I can also vividly remember my first research supervisor explaining to the new intake of students how research worked, how lab books needed to be kept but above all his view on keeping abreast of literature:
"You need to spend half a day each week, reading all the new journals that have come in".
That statement dates me. For half the people reading I would guess that it is totally incomprehensible on at least two levels. How could you read that much? And who ever leafed through the pages of a journal? For the other half I would guess it raises a nostalgia for the days when it was possible to do just that, when perhaps there was time to dedicate half a day or more to keeping up with the literature and when it involved the pleasant task of sitting in a quiet space, paging through the 10 or 20 new issues that might have come in.
I went from this, somewhat cozy world, into a PhD at the Australian National University and the world started to change. Over the course of my PhD the web became central to doing research. Going to the library went from the weekly excursion to an occasional trip. Paging through journals changed to clicking through emailed tables of contents and as that became untenable shifted to search. Medline had appeared online and this changed the game for someone in the biological sciences. The year I started my PhD was the year the E. coli genome was released (not the year it was published incidentally, that waited until 1996  but the sequence was available). I remember having to manually change the memory allocation for Netscape Navigator so we could download it.

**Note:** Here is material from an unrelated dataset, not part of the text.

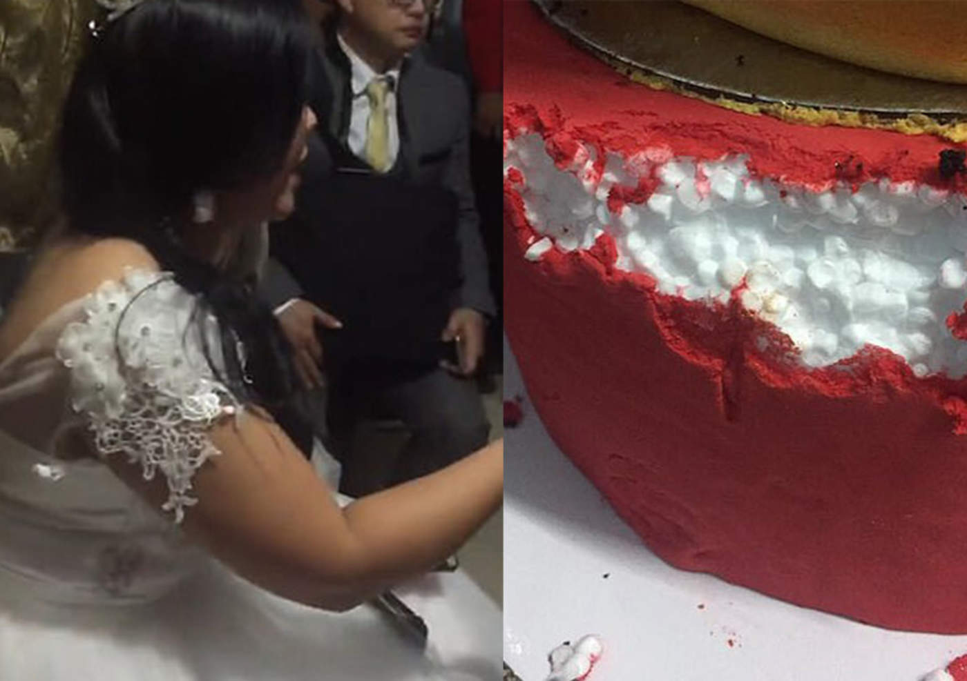Pero al regresar y partir el pastel, descubrieron que sólo estaba hecho de betún y unicel, por lo que la novia decepcionada rompió en llanto.

The world had changed, papers were available online, email was now essentially ubiquitous within the university and data was becoming more and more readily available online, as the PDB and human genome projects lead the way in pushing data into publicly accessible repositories. But at the same time not much had changed, in fact not much has still changed another fifteen years later. The PDF, the version of the paper everyone seems to want was still (mostly!) a dead document. It was just a digital dead document rather than a paper one. The business models hadn't shifted that much. The attitudes and culture of academics hadn't really changed with the media and the wider public still often held in suspicion or even contempt. Yet at the same time big changes were afoot, changes that we are still struggling to work through today.
In retrospect I probably did the wrong PhD. I went to a lab trying to do something wildly, excitingly, and perhaps naively, ambitious. I didn't get the experience of working in a lab that churns out papers, that has that well-oiled machine running and that remains a hole in my experience. A good PhD delivers both experience and a good set of papers that can then provide a bit of a cushion as a researcher explores more ambitious and speculative postdoctoral projects. But in 1999 it was still possible to apply for fellowships and postdocs with only a single paper without being laughed at. I was lucky enough to get a Wellcome Trust fellowship and then 14 months later I got a lectureship position at the University of Southampton.
The next five or six years was full of extremes. I got my first grant but it, again, was really too ambitious. Again that lack of experience was playing out. I was involved in some big projects, some parts of which worked well, some parts of which did not. In amongst all of this I'd jumped at the option of applying for some BBSRC funding in the e-science area, working on developing a laboratory notebook system with Jeremy Frey's group. My motivation in doing this was purely selfish. I wanted to raise some money to support a PhD student. However looking back at that proposal now I had at some level seen that there was a problem of data sharing. The area I was working in, directed evolution, had a lot of papers, a lot of positive results but no theory, no real understanding of how things worked at an abstract level. There simply wasn't any data to help build the models that would predict how to do the experiments so people just did lots of experiments, reporting the ones that worked. The idea of our project was to provide a framework to enable people to share data, particularly data around unsuccessful experiments to support the development of a theoretical framework for the field.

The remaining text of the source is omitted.